:: Task item ::
Repeat the listing below in full and exactly. Pictures are to be omitted.

:: Given information ::
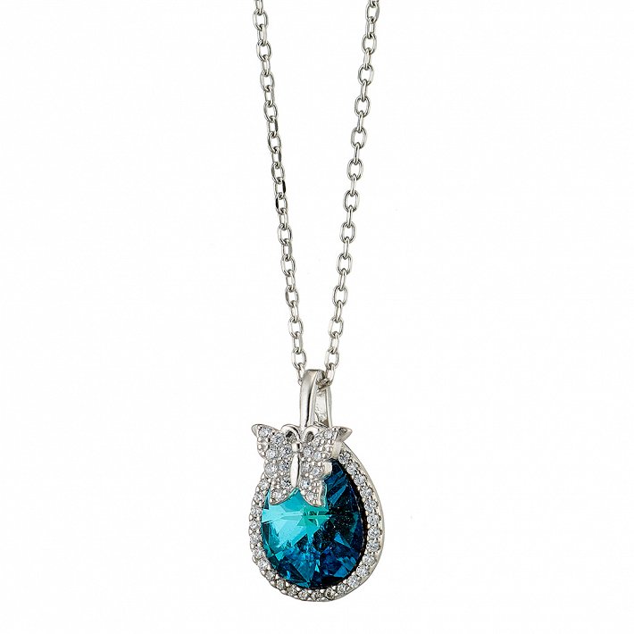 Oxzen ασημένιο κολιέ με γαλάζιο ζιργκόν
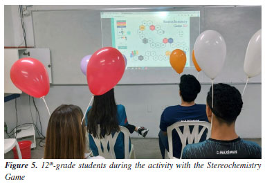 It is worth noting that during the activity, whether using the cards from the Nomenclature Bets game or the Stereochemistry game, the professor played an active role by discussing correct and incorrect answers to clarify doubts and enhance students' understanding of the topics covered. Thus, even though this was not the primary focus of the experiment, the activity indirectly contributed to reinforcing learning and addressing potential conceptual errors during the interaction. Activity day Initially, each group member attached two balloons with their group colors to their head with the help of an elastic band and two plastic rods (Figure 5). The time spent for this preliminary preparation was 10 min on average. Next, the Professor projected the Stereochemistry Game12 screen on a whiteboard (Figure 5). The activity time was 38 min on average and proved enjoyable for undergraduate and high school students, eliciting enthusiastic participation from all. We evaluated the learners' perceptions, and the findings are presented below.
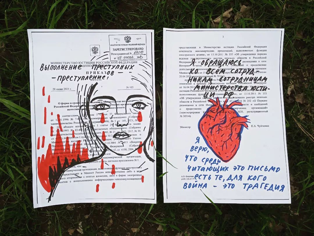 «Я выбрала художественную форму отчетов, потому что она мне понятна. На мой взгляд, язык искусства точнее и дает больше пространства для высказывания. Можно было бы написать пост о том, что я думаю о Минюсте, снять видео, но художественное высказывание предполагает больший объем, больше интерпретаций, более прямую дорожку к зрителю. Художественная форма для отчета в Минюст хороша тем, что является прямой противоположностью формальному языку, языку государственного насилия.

:: Exercise response ::
 Oxzen ασημένιο κολιέ με γαλάζιο ζιργκόν
 It is worth noting that during the activity, whether using the cards from the Nomenclature Bets game or the Stereochemistry game, the professor played an active role by discussing correct and incorrect answers to clarify doubts and enhance students' understanding of the topics covered. Thus, even though this was not the primary focus of the experiment, the activity indirectly contributed to reinforcing learning and addressing potential conceptual errors during the interaction. Activity day Initially, each group member attached two balloons with their group colors to their head with the help of an elastic band and two plastic rods (Figure 5). The time spent for this preliminary preparation was 10 min on average. Next, the Professor projected the Stereochemistry Game12 screen on a whiteboard (Figure 5). The activity time was 38 min on average and proved enjoyable for undergraduate and high school students, eliciting enthusiastic participation from all. We evaluated the learners' perceptions, and the findings are presented below.
 «Я выбрала художественную форму отчетов, потому что она мне понятна. На мой взгляд, язык искусства точнее и дает больше пространства для высказывания. Можно было бы написать пост о том, что я думаю о Минюсте, снять видео, но художественное высказывание предполагает больший объем, больше интерпретаций, более прямую дорожку к зрителю. Художественная форма для отчета в Минюст хороша тем, что является прямой противоположностью формальному языку, языку государственного насилия.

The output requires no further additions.